From: MATTHEW PAUL KUNDERT (mpkundert@students.wisc.edu)
Date: Sat Jan 10 2004 - 21:12:40 GMT
"Does Pirsig adequately support his notion that we have a 'sense of value'
analogous to the five traditional senses?"
Pirsig said in his SODV paper:
"The Metaphysics of Quality follows the empirical tradition here in saying
that the senses are the starting point of reality, but -- all importantly --
it includes a sense of value. Values are phenomena. To ignore them is to
misread the world. It says this sense of value, of liking or disliking, is a
primary sense that is a kind of gatekeeper for everything else an infant
learns."
Wim said:
Couldn't this quote be read as implying that the 'sense of value' is not
analogous to the five traditional senses, but 'primary', kind of summarizing
or abstracted from them? The 'gatekeeper' metaphor might suggest that the
'sense of value' has a separate and different role from other senses that
provide 'imput' for interpretation by the 'sense of value'. I wouldn't take
the metaphor too literally however.
I don't think this 'sense of value' is really separate from the five senses
(and I don't interpret Pirsig as stating that it is). It's merely an
analytical tool for describing how these five senses are working: through
them we only experience what has value.
Matt:
I think the quote can be read "as implying that the 'sense of value' is not
analogous to the five traditional senses, but 'primary.'" Interpreting the
passage this way is consistent with Pirsig's redescription of reality as
Quality. With a "sense of value" as primary, I take it this means that all
other senses evolve out of the original historically and in each
individual's case the five senses are simply five different kinds of a
"sense of value."
However, I think this (my preferred interpretation) is already stretching
the text a bit and I think Pirsig is far too ambiguous to say one way or the
other.

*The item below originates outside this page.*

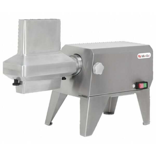 Kotleciarka do mięsa KM20 jest profesjonalnym urządzeniem do ugniatania i zmiękczania mięsa. Znajduje zastosowanie w sklepach, placówkach zbiorowego żywienia, w zakładach gastronomicznych i przetwórstwa żywności oraz w cateringu.Maszyna została przygotowana z bardzo dużą starannością w zakresie utrzymania czystości i bezpieczeństwa użytkowania. Wysokie położenie otworu wlotowego zabezpiecza przed dotknięciem obracających się noży na wałkach. Zastosowanie polerowanej obudowy o regularnych kształtach sprawia, że urządzenie jest bardzo łatwe w czyszczeniu. Odpowiednia wysokość wylotu umożliwia zastosowanie naczyń gastronomicznych i poprawia komfort użytkowania. Wykończenie Obudowa napędu wykonana ze stali nierdzewnej.Obudowa modułu kotleciarki wykonana z aluminiumanodowanego. Zestaw tnący Segmenty ugniatające wykonane ze stali nierdzewnej.Cechy urządzenia:- Łatwo demontowalna obudowa modułu wraz z zestawem wałków ugniatających, - Łatwość czyszczenia obudowy urządzenia, - Stalowa przekładnia zębata smarowana smarem półpłynnym, - Wyposażona w zespół specjalnie ukształtowanych segmentów ugniatających wykonanych ze stali nierdzewnej, - Duża wydajność użytkowa – skuteczne rozgniatanie już w pierwszym cyklu OgraniczeniaNie używać urządzenia do ugniatania zmrożonego mięsa, mięsa z kością a także do kruszenia samych kości oraz do mięsa drobiowego. Elementy maszyny stykające się z żywnością myć codziennie, po myciu osuszyć. Zabrania się mycia całej maszyny strumieniem wody. Maszyna spełnia standardy CE w zakresie bezpieczeństwa i higieny: - EN 60204-1:2010 (Bezp. elektryczne) - Dyr. 2006/42/WE

The first three lines supply heavy weight for interpreting him as
saying that the sense of value _is_ separate from the five senses. The
fourth supplies a heavy gloss over the first three, towards Wim's
interpretation, but I don't think it is a clear cut gloss at all. Pirsig
says, "it includes a sense of value," which is hard to interpret any other
way than as an _addition_, not as a redescription. His next line is the
chopped, "Values are phenomena." This is more ambiguous than the first, but
if it were to read as a redescription, we would have to read the line as
"Values are what phenomena are." This, I think, is a more strained
interpretation than reading it as "Values are phenomena also." If we read
it this way, that makes values a separate commodity then other things
bouncing around reality. This would impl
y a sense of value as separate. In addition, if we read the second line
linearly with the first, with the first providing the gloss for the second,
the interpretation leans heavily towards reading it as the latter
(values-as-additional-phenomena), rather than the former
(values-as-phenomena). The third line then prompts us to gloss backwards to
the meaning of the second. "To ignore them is to misread the world."
"Them" refers to "values" in the proceeding line and it steers us to
interpret that line as values-as-additional-phenomena. If values were the
sum total of reality, if it were used redescriptively, then it wouldn't be
possible to ignore them because you are everywhere and always in touch with
reality.
It would seem the major problem with reading this passage is ambiguity in
the way Pirsig uses the term "value," and I find this throughout his books
and throughout our writings on this forum. I think Pirsig uses "value" in
two ways, as synonymous with Quality, i.e. in its redescriptive, ubiquitous
sense, and in the more traditional sense of being synonymous with morals.
So, in answer to the topic question, "Does Pirsig adequately support his
notion that we have a 'sense of value' analogous to the five traditional
senses?" I think we have to answer in one of two ways: 1) "mu," because we
do not have a sense of value that is analogous to the other senses because
all Pirsig means is his redescription of reality or 2) no, because if we
have a "sense of value" analogous to our five senses then it would be
empirically testable as a physical section in our brains (like the other
five senses) and I severely doubt we find a section in our brain that senses
morals and can be developed or underdeveloped _physically_.
A corrollary of 1) is that we can still keep the sentiment of "Values are
phenomena," despite the fact that it clutters up this passage, when values
are synonymous with morals. I took the entire point of the Quality
redescription to be that values are as real as rocks.